Mohan Sinha
04 Feb 2026, 15:15 GMT+10
QUETTA, Pakistan: Pakistan said its security forces killed 92 militants in the multiple suicide and gun attacks across the restive southwestern province of Balochistan that also killed 33 others, including civilians, on December 31.
It was the deadliest single day for militants in decades.
During the attacks, Baloch insurgents targeted civilians, a high-security prison, police stations, and paramilitary installations.
Coordinated attacks on this scale are rare, although Baloch separatists and the Pakistani Taliban frequently target security forces in Balochistan and elsewhere in the country. At least 133 militants have been killed across the region over the past 48 hours, including 92 on Saturday.
The military and Pakistan's Interior Minister Mohsin Naqvi were quick to blame India for the attack, but India denied any hand in the attacks.

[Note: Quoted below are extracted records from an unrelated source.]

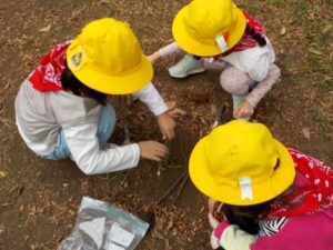 10月31日に生活科見学で神代植物公園へ行きました。今回の生活科見学のめあては、「あきをみつけたり かんじたりしよう!」です。子供たちは、どんぐりや松ぼっくりを拾ったり、秋の物を探すビンゴをしたり、落ち葉を使って遊んだりする中で、様々な秋を見付け、秋らしさを感じていました。小学生になって初めてのバス移動がある行事でしたが、バスでの過ごし方や公共の場所でのマナーについても学習できました。
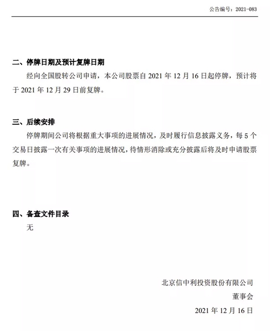 公司称,为保证公平信息披露,维护投资者利益,避免造成公司股价异常波动,根据相关规定,申请公司股票自2021年12月16日起停牌,预计将于2021年12月29日前复牌。至于实控人被传失联一事,信中利方面表示,将根据确认信息完成进一步的信息披露工作,每5个交易日披露一次有关事项的进展情况。
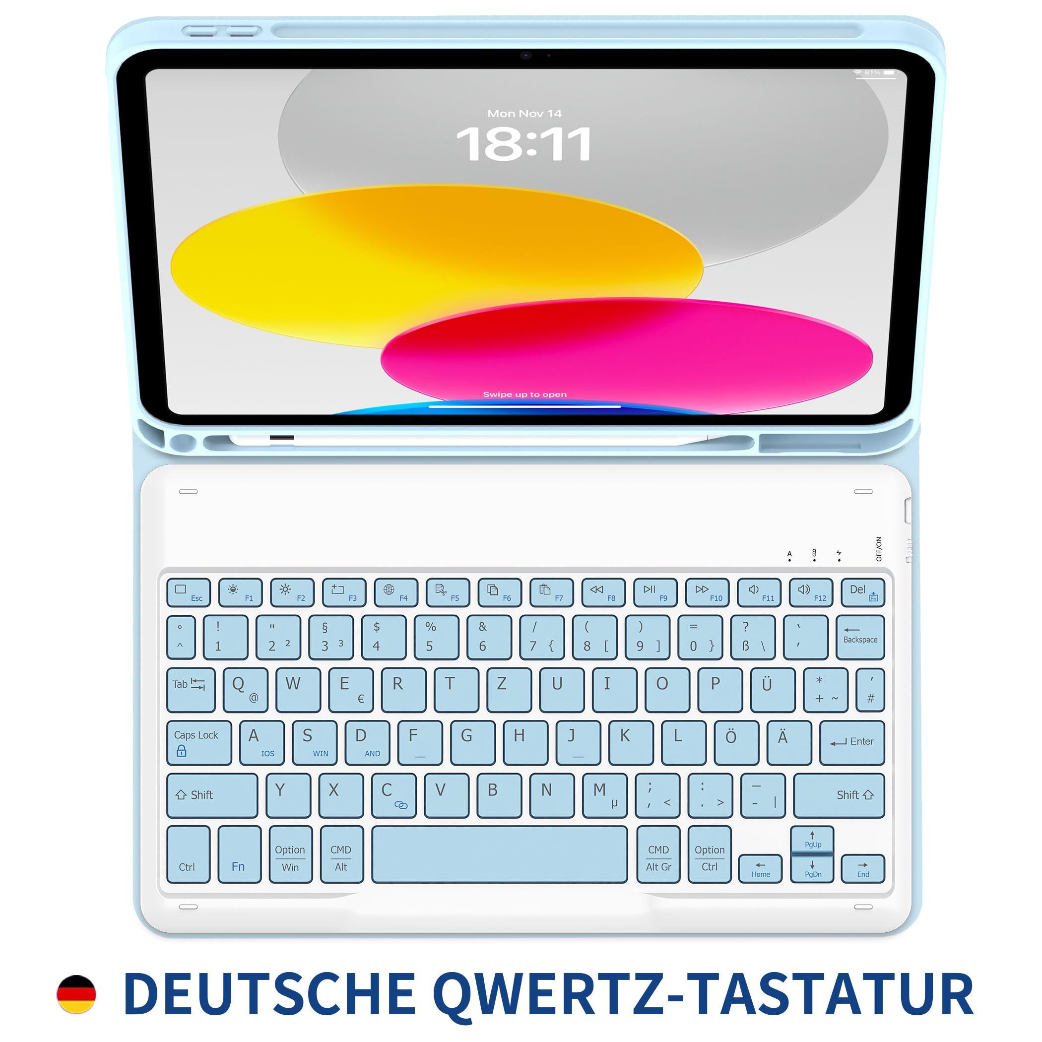 Verwandle dein iPad im Handumdrehen in einen vollwertigen Laptop! Diese coole Tastatur-Hülle von EasyAcc ist speziell für das iPad 11 (A16) und 10 Generation (2025/2022) gemacht. Die magnetische Tastatur lässt sich ganz einfach abnehmen und wieder anbringen - super praktisch! Mit 3 verschiedenen Neigungswinkeln findest du immer die perfekte Position zum Arbeiten, Lesen oder Videos schauen. Extra Bonus: Integrierter Stifthalter für deinen Apple Pencil (Stift nicht im Lieferumfang). Die Tastatur reagiert blitzschnell und hat praktische Shortcut-Tasten. Das wabenförmige Design auf der Rückseite sorgt für optimale Wärmeableitung. Aus hochwertigem TPU-Material gefertigt, schützt sie dein iPad zuverlässig vor Stößen und Kratzern. Kompatibel mit A2696, A2757, A2777, A3162, A3354, A3355, A3356. Perfekt für Studenten, Beruf und kreative Arbeiten!
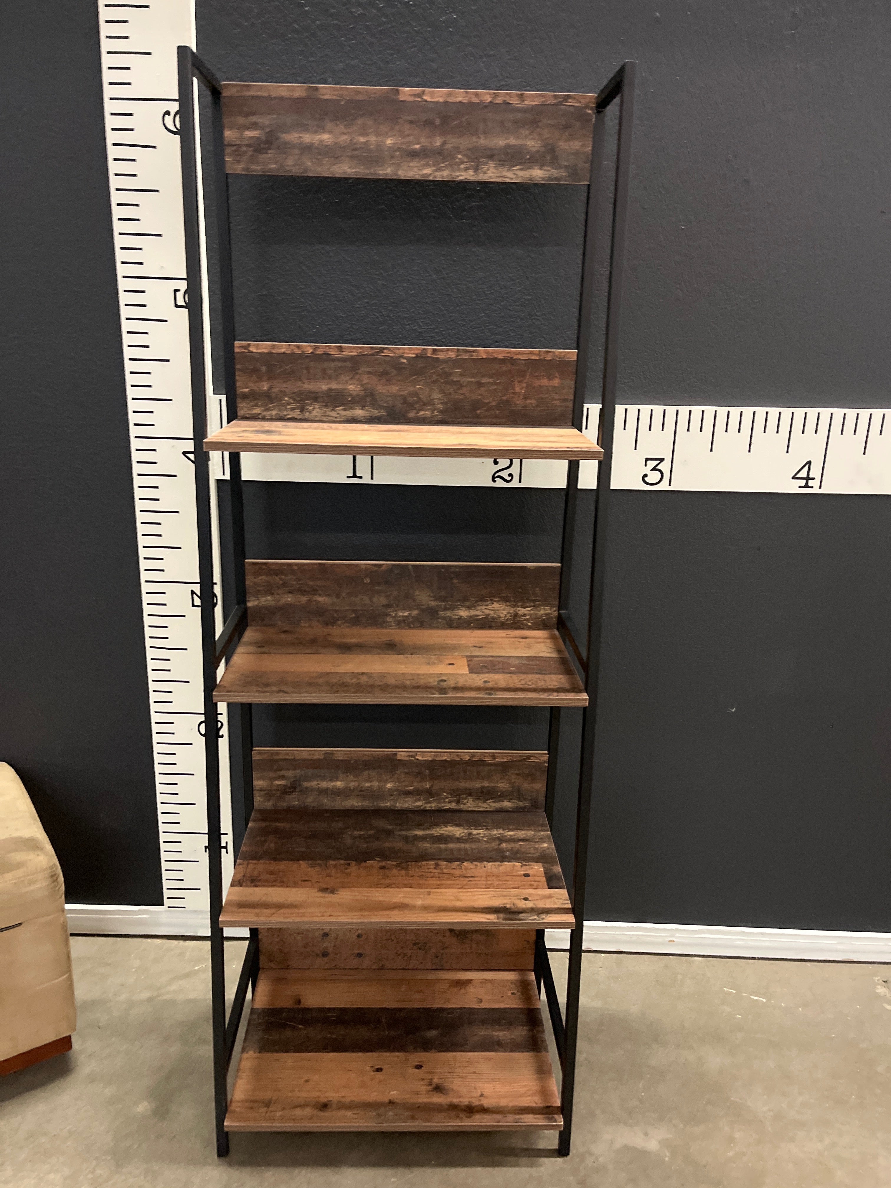 This industrial-style multi-tier shelf features a dark brown wood finish with a sturdy black metal frame. The rustic charm and open shelving design make it a versatile addition to any room. Approximate Size: 6 x 2 x 1
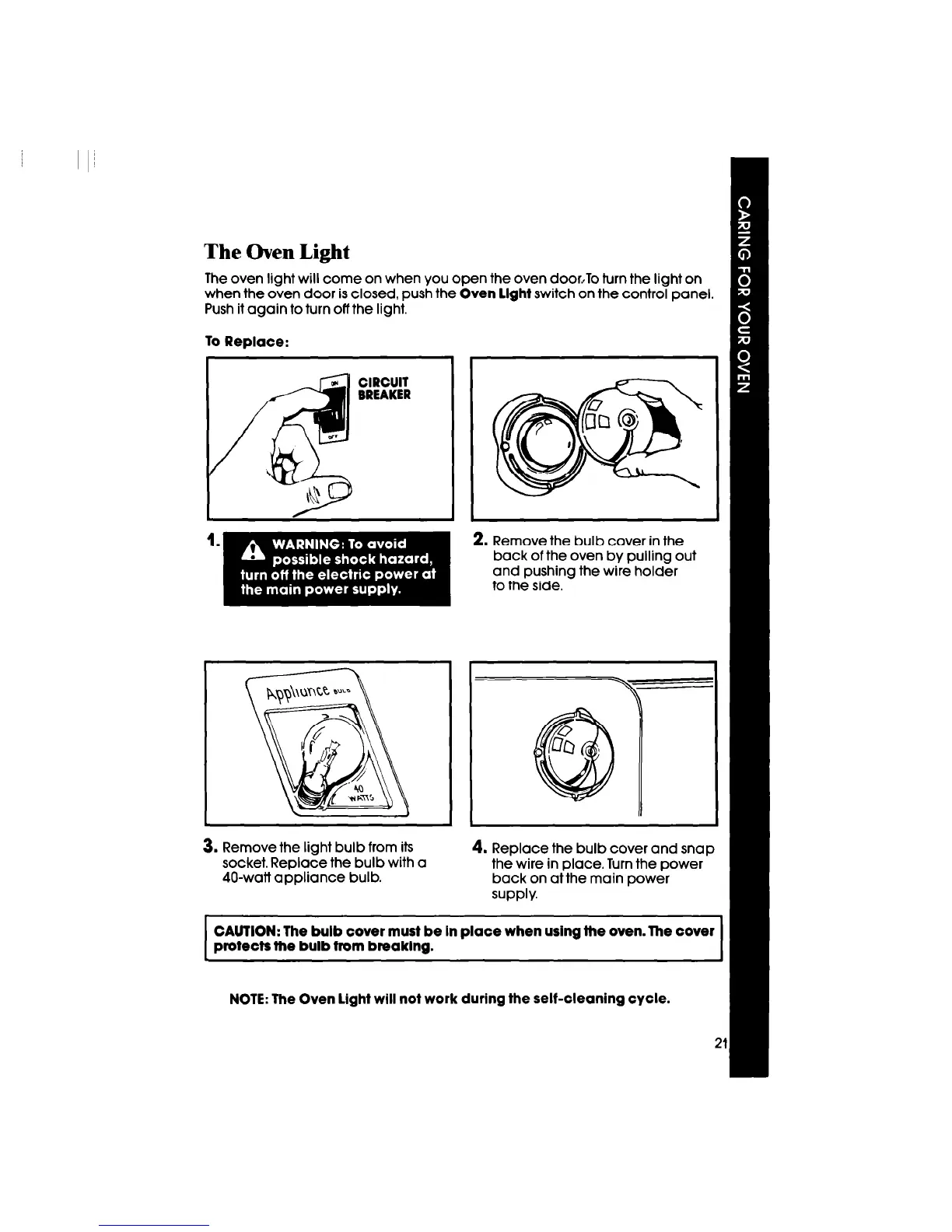 NOTE: The Oven light will not work during the self-cleaning cycle.
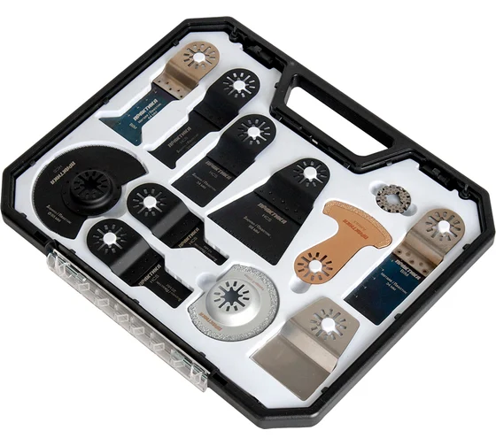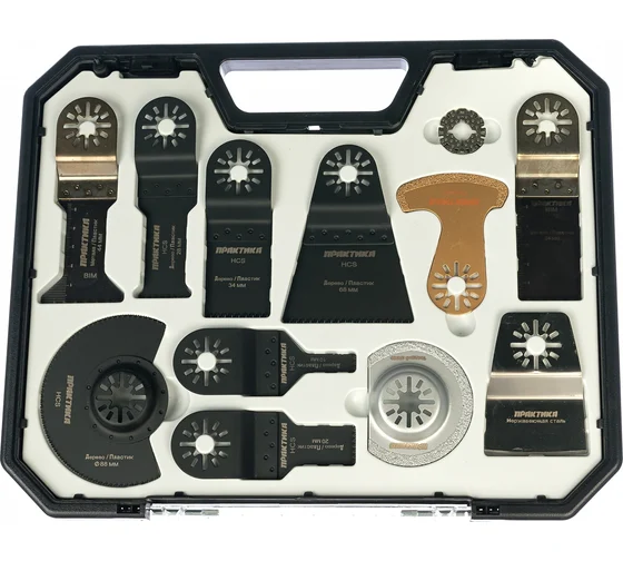 Набор насадок используется совместно с многофункциональным инструментом. Применяется при обработке дерева, ДСП, фанеры, пластика, листов ГКЛ, стали, цветных металлов, плитки, камня. Набор включает двенадцать насадок, позволяющих производить различные виды работ: выборка пазов, подрезание внутренних углов, вырезание проемов, резка плинтусов, пластиковых труб и т. д.
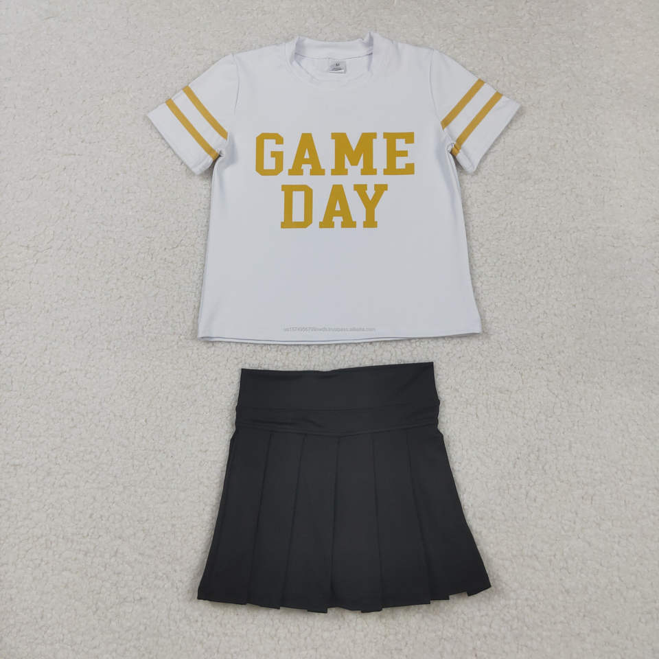 High Quality Baby Girls Active Summer Clothing Game Print White Short Sleeve Top With Black Skort Two Piece Yoga Outfit
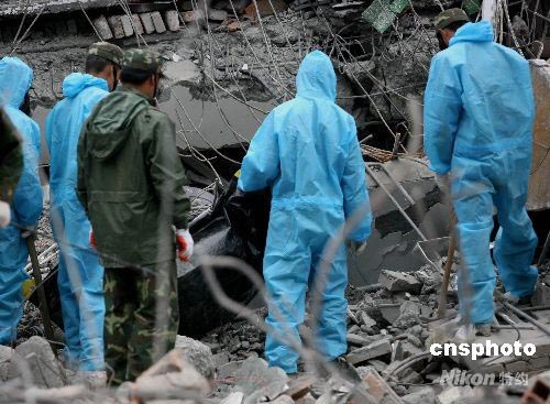 武警官兵五月中旬開始清理汶川大地震受災(zāi)嚴(yán)重的映秀鎮(zhèn),他們在漩口中學(xué)每一次挖掘出來遇難學(xué)生的遺體時(shí),都沉痛默哀。中新社發(fā) 賈國榮 攝
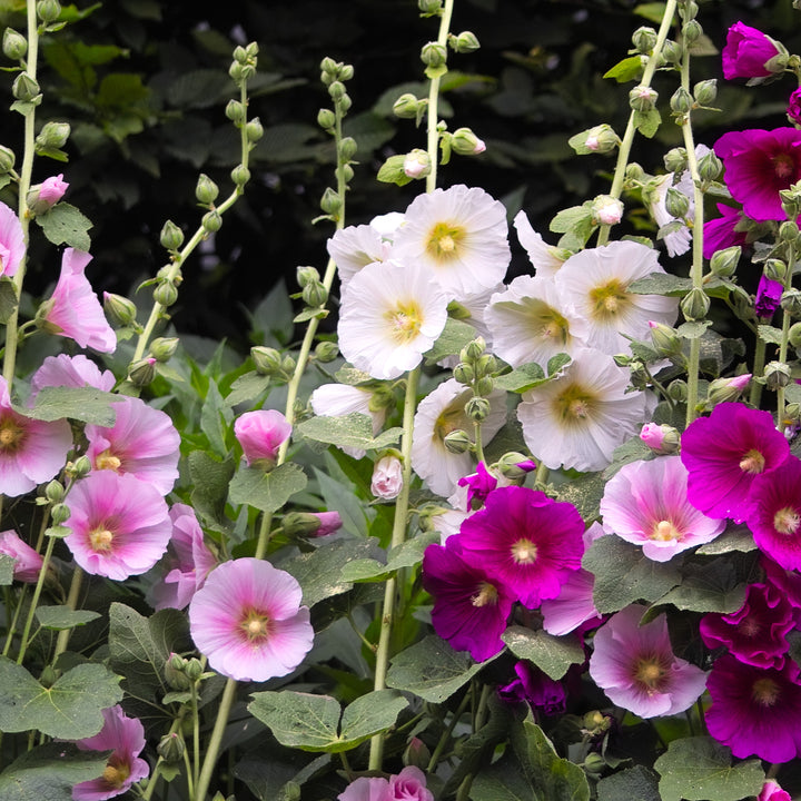 Rose trémière 'Halo Mixed' (Alcea rosea), proposé par Semences OSC.
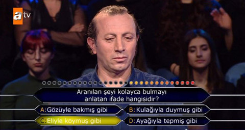 Galerinin tamamı için tıklayınızİkinci soru ise; "Aranılan şeyi kolayca bulmayı anlatan ifade hangidir?" oldu. Cuma Bey C şıkkı 'Eliyle koymuş gibi' yanıtını vererek bu soruda da doğru cevabı bulmayı başardı.

The banned Baloch Liberation Army (BLA) said it carried out the suicide bombings and gun attacks. During the violence, some banks were robbed, a police station was burned, and many vehicles were set on fire. The BLA shared videos showing women fighters taking part in the attacks, likely to promote the role of women in the group.
Shahid Rind, a spokesman for the Balochistan government, said most of the attacks were stopped. The attacks happened a day after the military announced that security forces had raided two militant hideouts in southwest Pakistan earlier in the week and killed 41 insurgents in separate gun battles.
The provincial chief minister, Sarfraz Bugti, wrote on X that security forces were chasing the militants. He said security forces had killed at least 700 insurgents over the past year. Earlier on Saturday, officials said militants had blown up railway tracks, forcing Pakistan Railways to stop train services from Balochistan to other parts of the country.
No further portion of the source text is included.